Why does this work? Because Google and other search engines are much more likely to believe that a contextual link occurred naturally when other websites are linking to it. When not only your content, but your links and tiered backlinks are high quality, you'll shoot to the top of search engine rankings.

Having a two-tiered contextual link building effort is great, but if you hire an experienced enough contextual link building service they may actually advise you to do three or even four tiered link building. This may seem like overkill, but some services have had great luck with this type of multi-tiered system.

Why Not Other Link Building Methods?

Because contextual link building can seem like such a challenge, you may be asking if there's a better way.

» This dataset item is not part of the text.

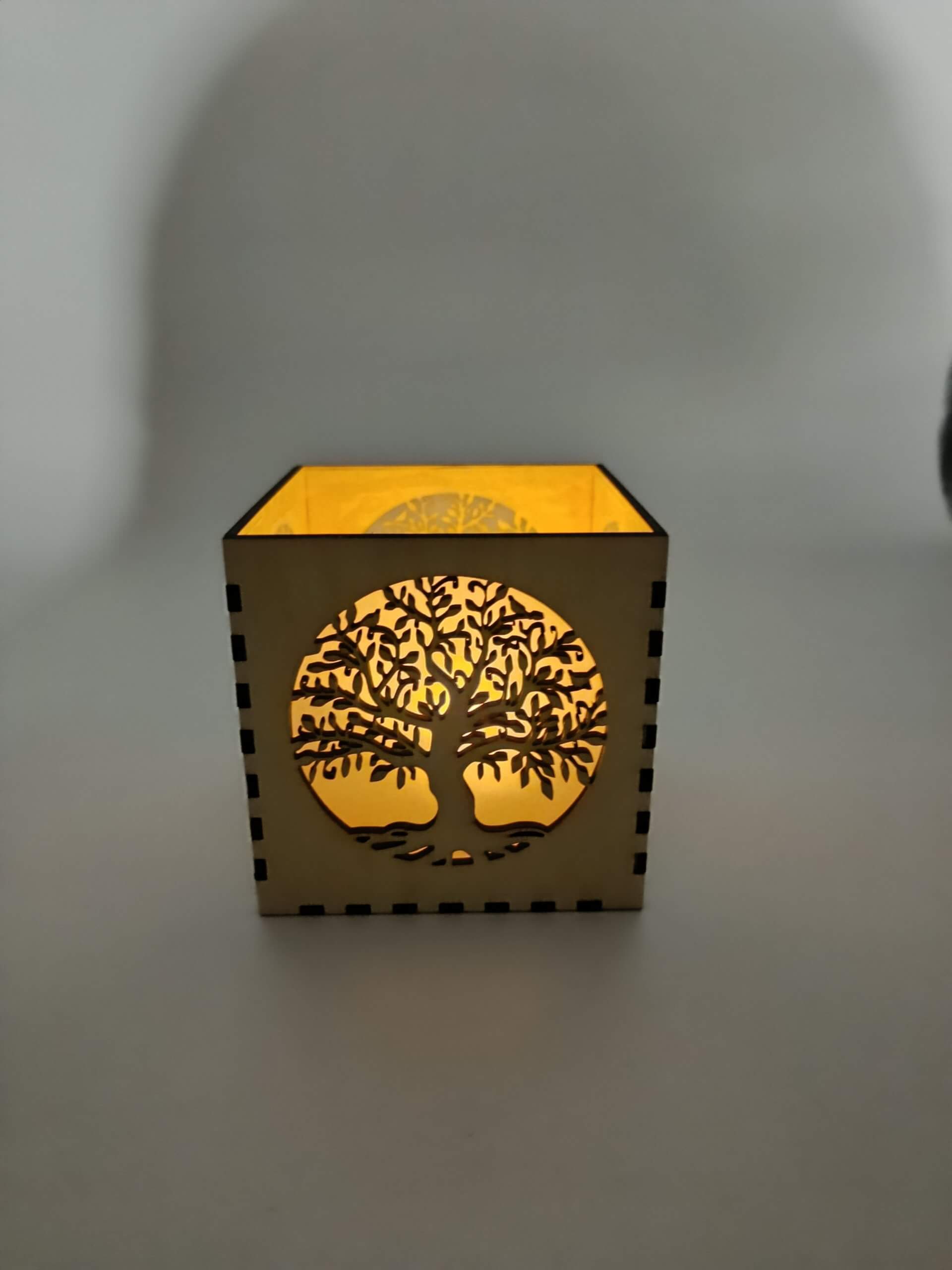 Windlicht Lebensbaum. Aus hochwertigem Birken oder Lindensperrholz. Inkl. Led Lampe mit Timerfunktion. Größe ca. 10,5 x 10,5 x 10,5 cm.
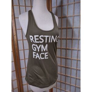 Classic racerback tank from Ideal T. Size medium. Reads Resting Gym Face. Some damage to tag. 60% cotton, 40% polyester. Machine washable. Made in Nicuragua. Excellent condition. Nonsmoking home.

The answer—perhaps unfortunately for some law firms—is no. Contextual link building offers unparalleled ability to control the message and keywords that your backlinks are using. If it's done right, it will look completely natural, and like part of traditional web marketing efforts rather than straight-up search engine optimization.

Other link building methods are often very obvious and are much easier for search engines not only to track, but also to shut down if too many websites begin using them. Contextual link building, on the other hand, is here to stay—it's simply too hard to detect when it's done well.